Tahap-tahap Pelaksanaan Terapi Humanistik Eksistensial
Terapi ini bisa menggunakan beberapa teknik dan konsep psikoanalitik dan juga bisa menggunakan teknik kognitif-behavioral. Metode ini berasal dari Gestalt dan analisis transaksional. Terdapat tiga tahap yang dapat dilakukan oleh terapis dalam terapi humaniatik eksistesial, antara lain:
Tahap pendahuluan
Terapis mambantu klien mengidentifikasi dan mengklarifikasi asumsi mereka terhadap dunia. Klien diajak mendefinisikan cara pandang agar eksistensi mereka diterima. Terapis mengajarkan mereka bercemin pada eksistensial mereka dan meneliti peran mereka dalam hal penciptaan masalah dalam kehidupan mereka.

Tahap pertengahan
Klien didorong supaya klien dapat lebih bersemangat dalam meneliti sumber dan otoritas dan sistem mereka. Semangat ini akan memberikan klien pemahaman baru dan restrukturisasi nilai dan sikap mereka untuk mencapai kehidupan yang lebih baik dan dianggap pantas.

Tahap akhir
Berfokus untuk bisa melaksanakan apa yang telah mereka pelajari tentang diri mereka. Klien didorong untuk mengaplikasikan nilai barunya dengan jalan yang kongkrit. Klien biasanya akan menemukan kekuatan untuk menjalani eksistensi kehidupannya yang memiliki tujuan.
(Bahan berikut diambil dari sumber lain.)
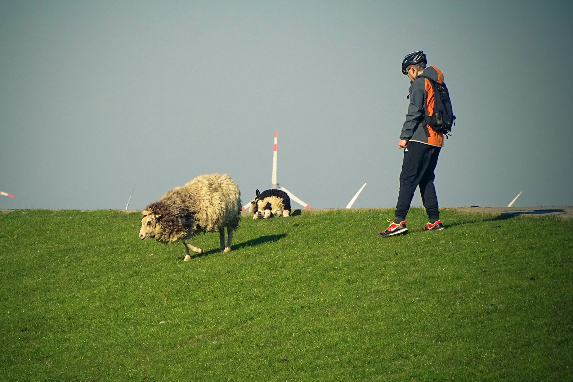 Jetzt fuhren wir lange direkt am Meer entlang. Deiche, Schafe, Wind, Möwen – Nordseeküstenradweg in seiner schönsten Form.

Dalam perspektif eksistensial, teknik sendiri dipandang alat untuk membuat klien sadar akan pilihan mereka, serta bertanggungjawab atas penggunaan kebebasan pribadinya.

Daftar Pustaka :
  • Corey, Gerald. 1995. Teori dan Praktek Konseling dan Psikoterapi. Bandung: PT. Eresku.
  • Misiak, Henryk. 2005. Psikologi Fenomenologi, Eksistensial dan Humanistic. Bandung: PT. Rafika Aditama.
  • Winkel, W. S. 1987. Bimbingan dan praktek Konseling dan Psikoterapi. Jakarta: PT. Gramedia.